● **Task details**: Repeat exactly the lines of the material below that run from the "The Trailhawk trim" line to the "描きたいなと気になった年賀状を迷いなくサクサク仕上げていく。" line, including both, and do not carry over any pictures.
[The input — start]
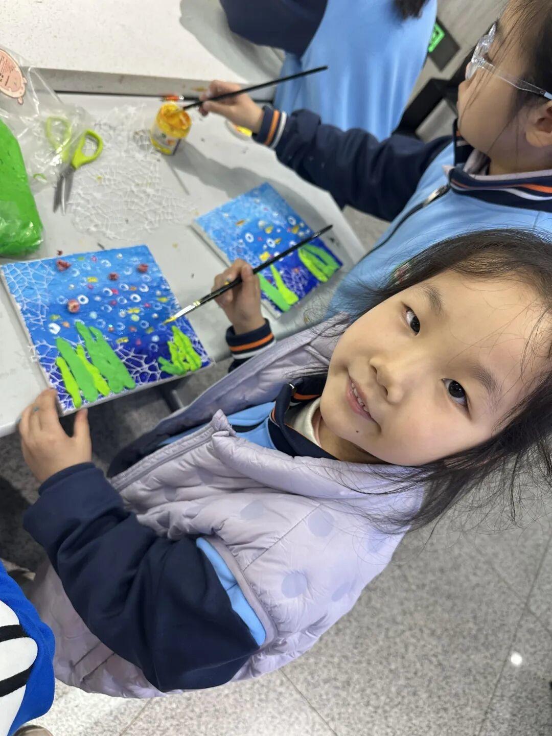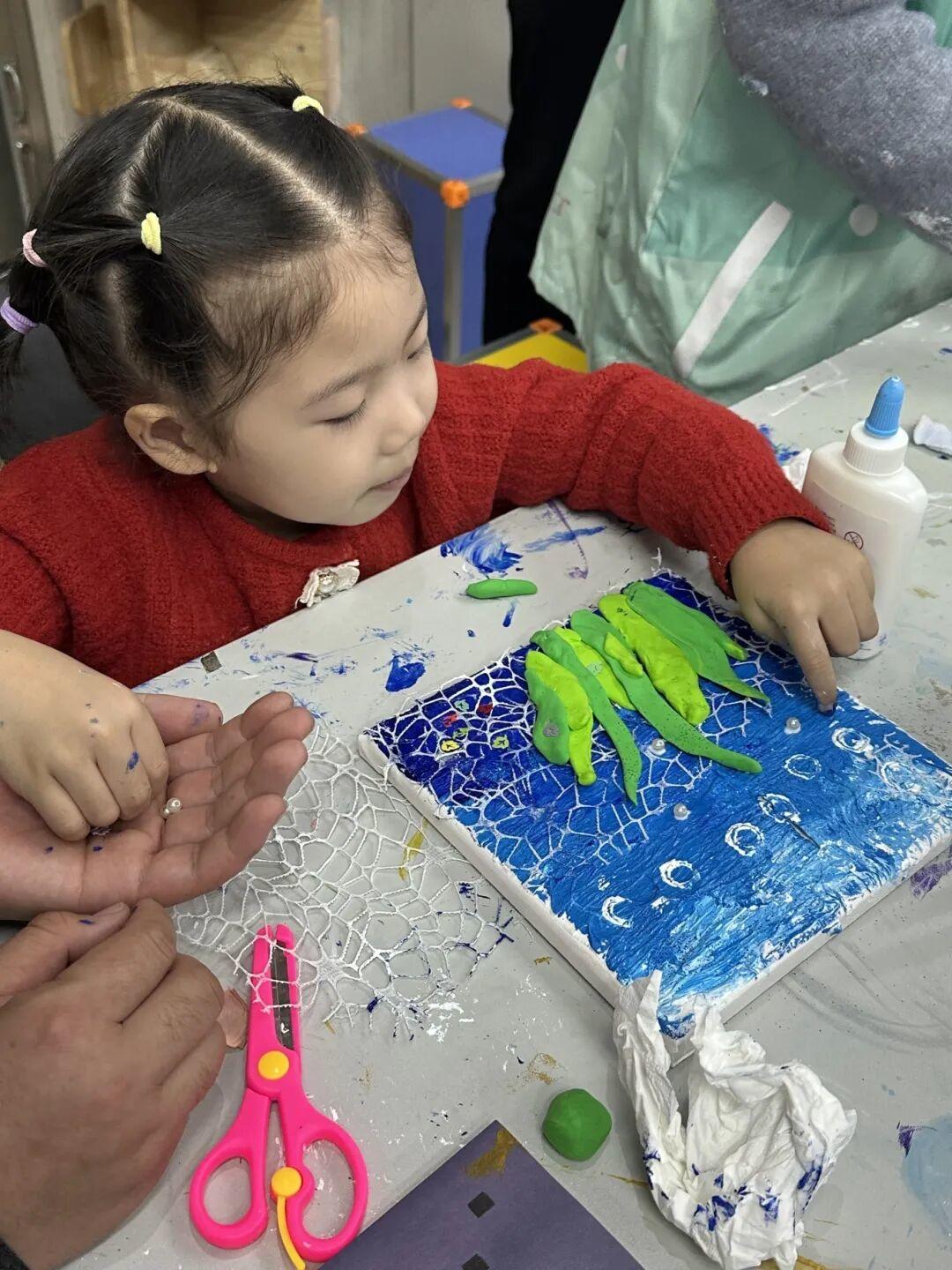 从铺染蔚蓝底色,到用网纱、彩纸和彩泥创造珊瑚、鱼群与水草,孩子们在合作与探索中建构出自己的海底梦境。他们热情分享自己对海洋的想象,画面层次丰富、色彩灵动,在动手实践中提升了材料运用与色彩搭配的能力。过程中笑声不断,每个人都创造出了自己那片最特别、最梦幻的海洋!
[The input — finish]
[The input — start]
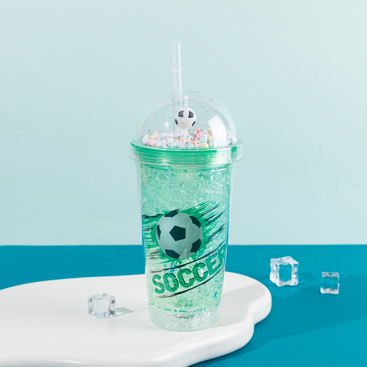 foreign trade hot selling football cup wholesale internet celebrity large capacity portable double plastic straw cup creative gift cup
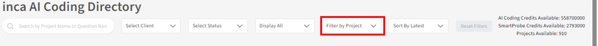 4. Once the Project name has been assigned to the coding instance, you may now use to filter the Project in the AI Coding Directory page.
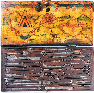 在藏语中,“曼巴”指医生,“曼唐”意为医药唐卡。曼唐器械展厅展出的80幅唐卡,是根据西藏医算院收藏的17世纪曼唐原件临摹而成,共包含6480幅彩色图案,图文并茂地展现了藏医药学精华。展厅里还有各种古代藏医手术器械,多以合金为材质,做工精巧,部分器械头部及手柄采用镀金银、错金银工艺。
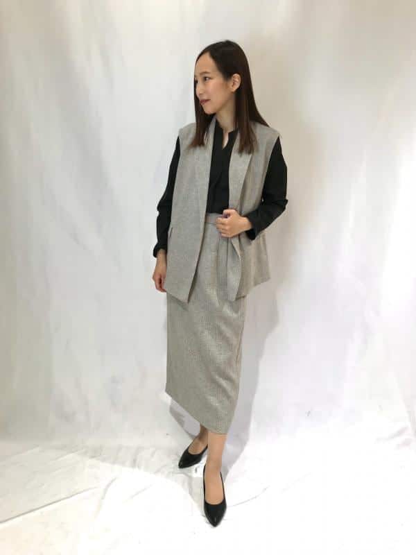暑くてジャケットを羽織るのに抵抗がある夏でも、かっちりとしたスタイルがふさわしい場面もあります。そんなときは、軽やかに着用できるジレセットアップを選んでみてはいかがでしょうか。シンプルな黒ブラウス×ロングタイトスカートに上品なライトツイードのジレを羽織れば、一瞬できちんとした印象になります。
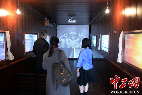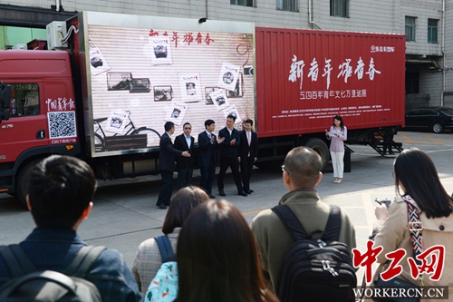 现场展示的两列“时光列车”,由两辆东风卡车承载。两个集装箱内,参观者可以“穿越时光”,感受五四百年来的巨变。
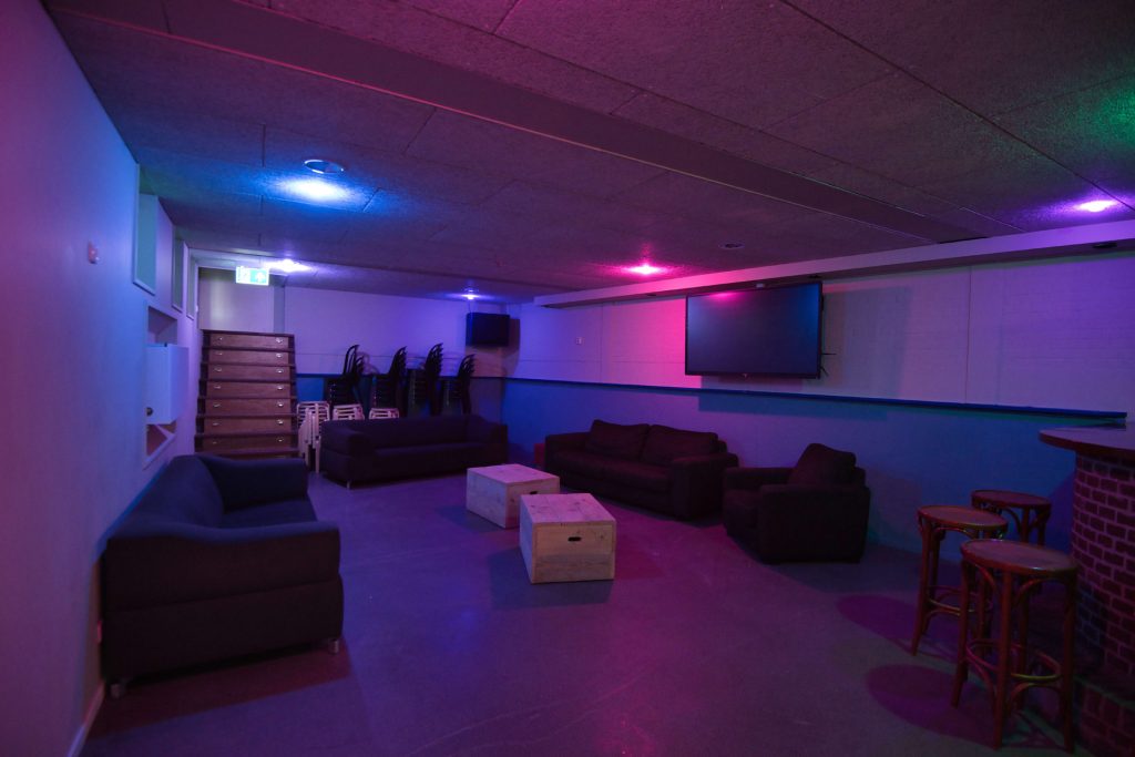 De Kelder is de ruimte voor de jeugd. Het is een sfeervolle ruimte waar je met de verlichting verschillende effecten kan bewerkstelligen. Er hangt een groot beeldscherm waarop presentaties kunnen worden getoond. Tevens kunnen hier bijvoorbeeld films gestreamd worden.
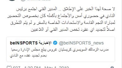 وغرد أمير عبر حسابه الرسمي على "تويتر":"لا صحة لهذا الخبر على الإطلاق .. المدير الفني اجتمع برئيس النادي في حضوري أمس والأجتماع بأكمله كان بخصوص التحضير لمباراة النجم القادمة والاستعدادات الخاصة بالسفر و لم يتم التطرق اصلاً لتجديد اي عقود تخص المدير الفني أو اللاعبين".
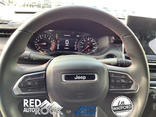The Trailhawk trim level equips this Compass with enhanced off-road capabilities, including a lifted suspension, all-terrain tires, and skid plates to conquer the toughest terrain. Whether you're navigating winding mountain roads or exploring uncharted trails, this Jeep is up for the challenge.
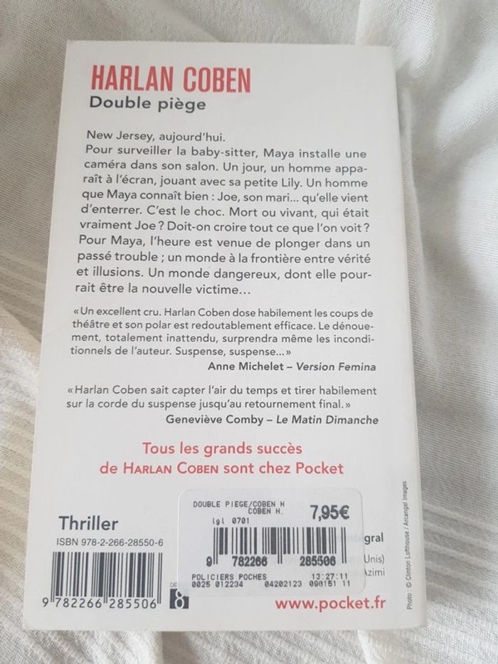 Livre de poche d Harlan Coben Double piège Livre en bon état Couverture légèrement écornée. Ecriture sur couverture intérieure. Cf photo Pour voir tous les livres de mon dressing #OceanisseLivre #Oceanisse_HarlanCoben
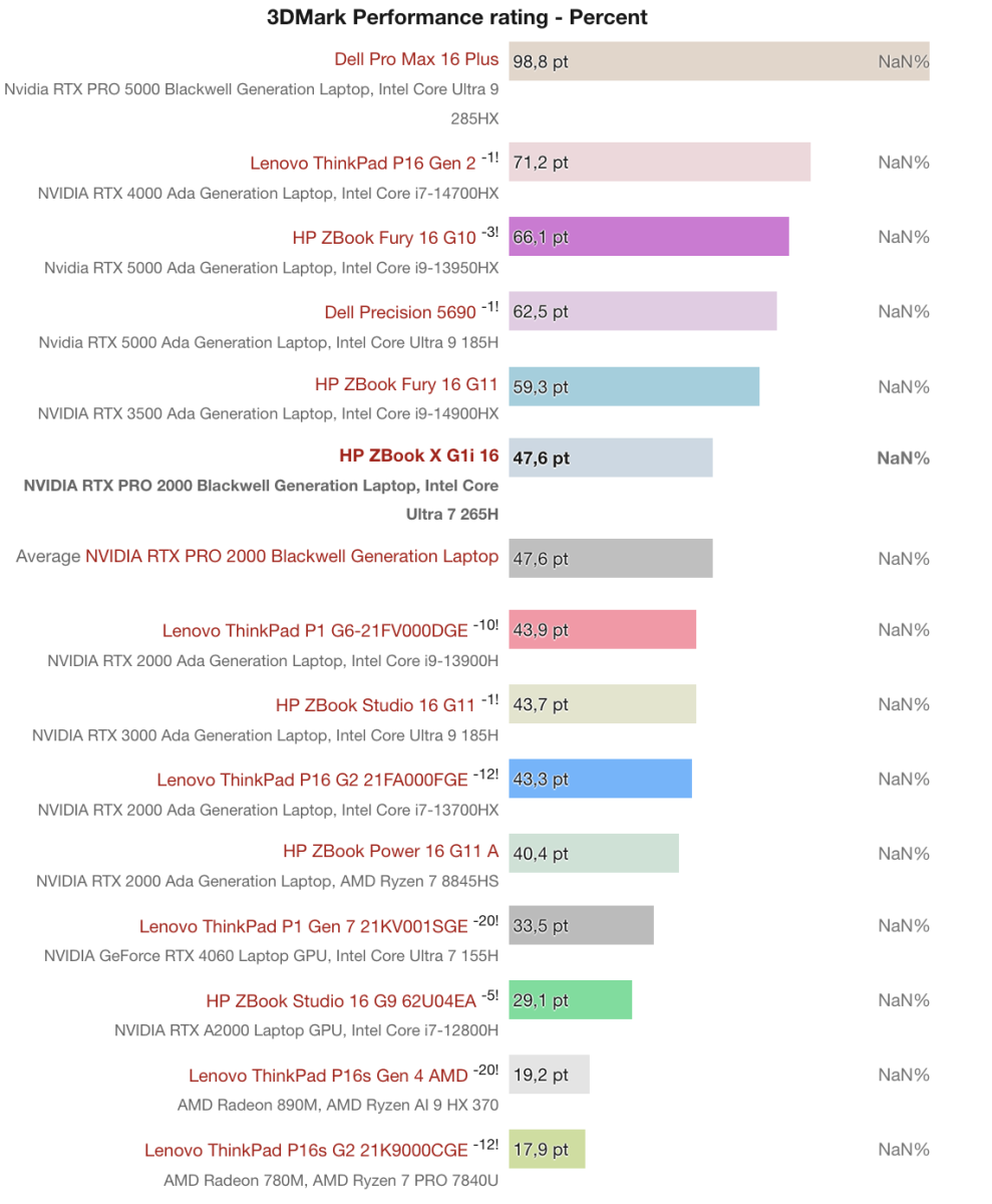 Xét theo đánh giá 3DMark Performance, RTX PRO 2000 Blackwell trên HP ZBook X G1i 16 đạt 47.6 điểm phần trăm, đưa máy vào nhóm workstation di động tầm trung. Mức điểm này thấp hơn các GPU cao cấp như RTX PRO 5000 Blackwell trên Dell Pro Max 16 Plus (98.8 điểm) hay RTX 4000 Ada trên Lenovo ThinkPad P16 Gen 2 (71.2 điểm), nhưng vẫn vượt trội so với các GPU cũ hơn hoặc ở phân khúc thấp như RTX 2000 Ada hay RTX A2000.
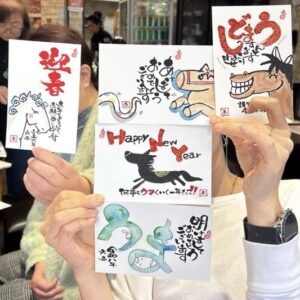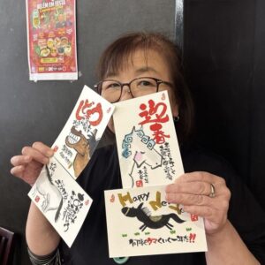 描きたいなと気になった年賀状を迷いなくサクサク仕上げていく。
[The input — finish]
[The input — start]
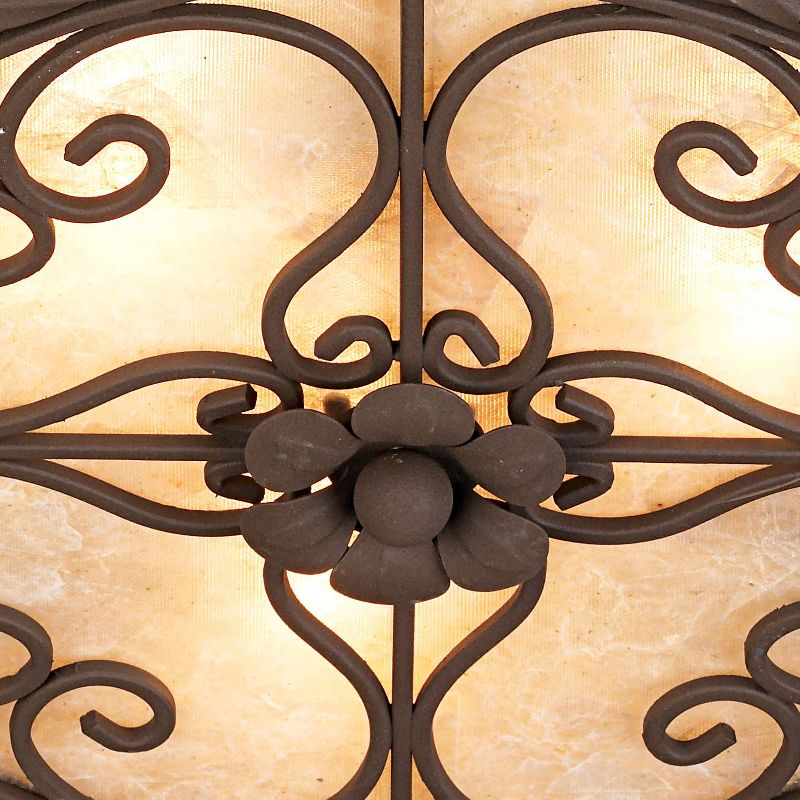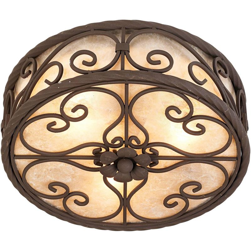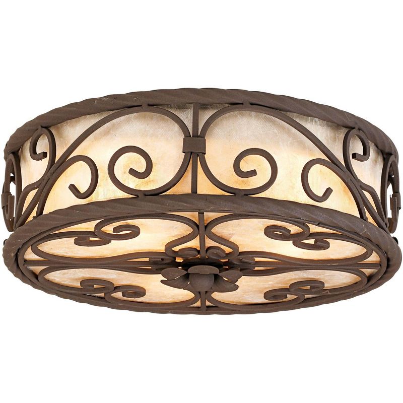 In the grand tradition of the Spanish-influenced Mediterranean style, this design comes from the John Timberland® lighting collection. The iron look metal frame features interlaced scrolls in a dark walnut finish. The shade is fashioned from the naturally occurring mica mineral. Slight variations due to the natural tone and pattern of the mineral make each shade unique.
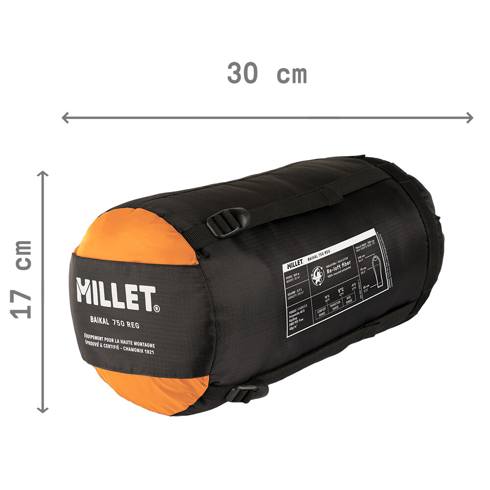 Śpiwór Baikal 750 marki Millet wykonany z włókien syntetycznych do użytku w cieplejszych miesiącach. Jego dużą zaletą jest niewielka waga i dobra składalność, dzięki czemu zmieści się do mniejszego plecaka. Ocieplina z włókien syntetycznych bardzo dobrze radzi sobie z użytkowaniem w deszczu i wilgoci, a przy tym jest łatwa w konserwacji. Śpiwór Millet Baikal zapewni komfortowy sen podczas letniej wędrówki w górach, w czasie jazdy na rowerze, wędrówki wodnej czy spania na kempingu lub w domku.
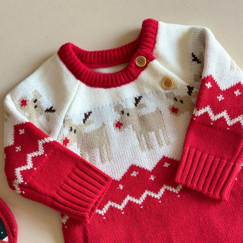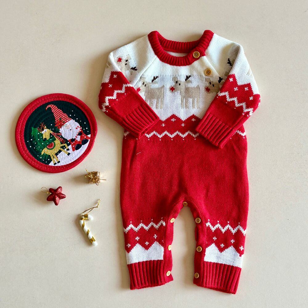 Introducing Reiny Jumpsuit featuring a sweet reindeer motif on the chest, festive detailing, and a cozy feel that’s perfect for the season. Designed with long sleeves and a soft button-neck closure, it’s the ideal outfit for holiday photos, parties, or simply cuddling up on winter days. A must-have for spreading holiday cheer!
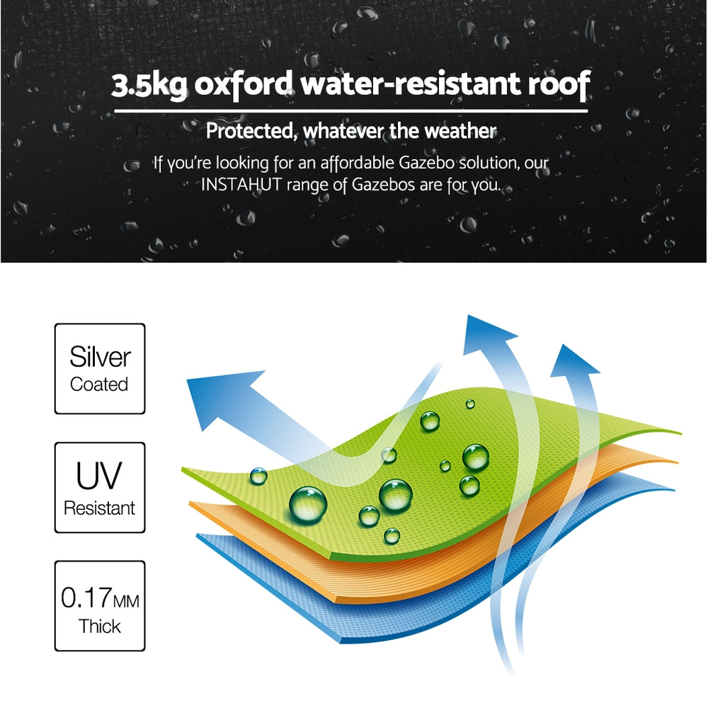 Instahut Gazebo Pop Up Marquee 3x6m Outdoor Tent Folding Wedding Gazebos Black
[The input — finish]
● **Written solution**:
The Trailhawk trim level equips this Compass with enhanced off-road capabilities, including a lifted suspension, all-terrain tires, and skid plates to conquer the toughest terrain. Whether you're navigating winding mountain roads or exploring uncharted trails, this Jeep is up for the challenge.
 Livre de poche d Harlan Coben Double piège Livre en bon état Couverture légèrement écornée. Ecriture sur couverture intérieure. Cf photo Pour voir tous les livres de mon dressing #OceanisseLivre #Oceanisse_HarlanCoben
 Xét theo đánh giá 3DMark Performance, RTX PRO 2000 Blackwell trên HP ZBook X G1i 16 đạt 47.6 điểm phần trăm, đưa máy vào nhóm workstation di động tầm trung. Mức điểm này thấp hơn các GPU cao cấp như RTX PRO 5000 Blackwell trên Dell Pro Max 16 Plus (98.8 điểm) hay RTX 4000 Ada trên Lenovo ThinkPad P16 Gen 2 (71.2 điểm), nhưng vẫn vượt trội so với các GPU cũ hơn hoặc ở phân khúc thấp như RTX 2000 Ada hay RTX A2000.
 描きたいなと気になった年賀状を迷いなくサクサク仕上げていく。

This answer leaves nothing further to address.